From this view, the framework of responding to disaster ought not to be charity based. Service delivery and rehabilitation efforts in disaster situations that are based on charity reinforce mendicancy and sense of dependence among the poor. It is a highly disempowering vicious cycle that only serves to perpetuate the poor in the doldrums of impoverishment, and which we must immediately put an end to.

The framework that we must work with should start with the premise that those who are in most need must be given the most help, because they are inherently entitled to it. The reason for having this context is that disaster assistance is not a neutral activity; it is always impelled by some force, some reason or motivation. The reason that moves one to extend help to disaster victims, may be different from that of the other, but it must always be carried under a framework that identifies rights holders and duty bearers.
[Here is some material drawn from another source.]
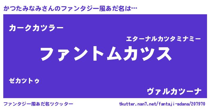 | 男性向けラノベタイトル風あだ名 | 『かつたみなみの嫁は女の子じゃないと思った?』 |
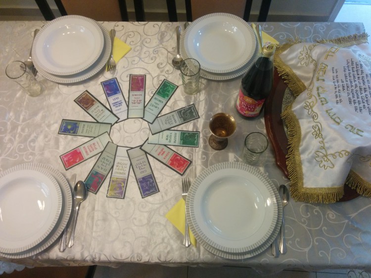 בתמונה: הדפס של בולים על סמלי השבטים שהוציא השירות הבולאי

This recognition of rights holders is attendant if the framework applied is a rights-based approach, which has as its basis the core international human rights instruments. A rights-based approach frees the rights holders from dependency and the burden of gratitude, and instead gives a sense of empowerment since the view becomes that the disaster assistance was, or is being provided, as matter of right, and not as an act of charity.

Persons claiming welfare assistance, on the basis of rights, also does not lose or sacrifice their dignity, which further encourages them to engage their leaders and express their needs on other facets of developmental needs. It is for this reason, the ability of the rights-based approach to identify the fulcrum of disaster victims’ needs towards full rehabilitation and its potential use in realizing the accountability and ethical dimensions of disaster response and rehabilitation, that it serves the higher purpose integrative holistic development.

Concrete steps forward

Utilizing the rights-based approach in actual disaster response and rehabilitation is no abstract matter. Some credible instruments and documents have been prepared, most notably the 2011 Operational Guidelines on the Protection of Persons in Situations of Natural Disasters produced by the IASC (Inter-Agency Standing Committee) which is a forum in the United Nations between UN and non-UN humanitarian organizations, as well as the IASC Field Manual in 2008.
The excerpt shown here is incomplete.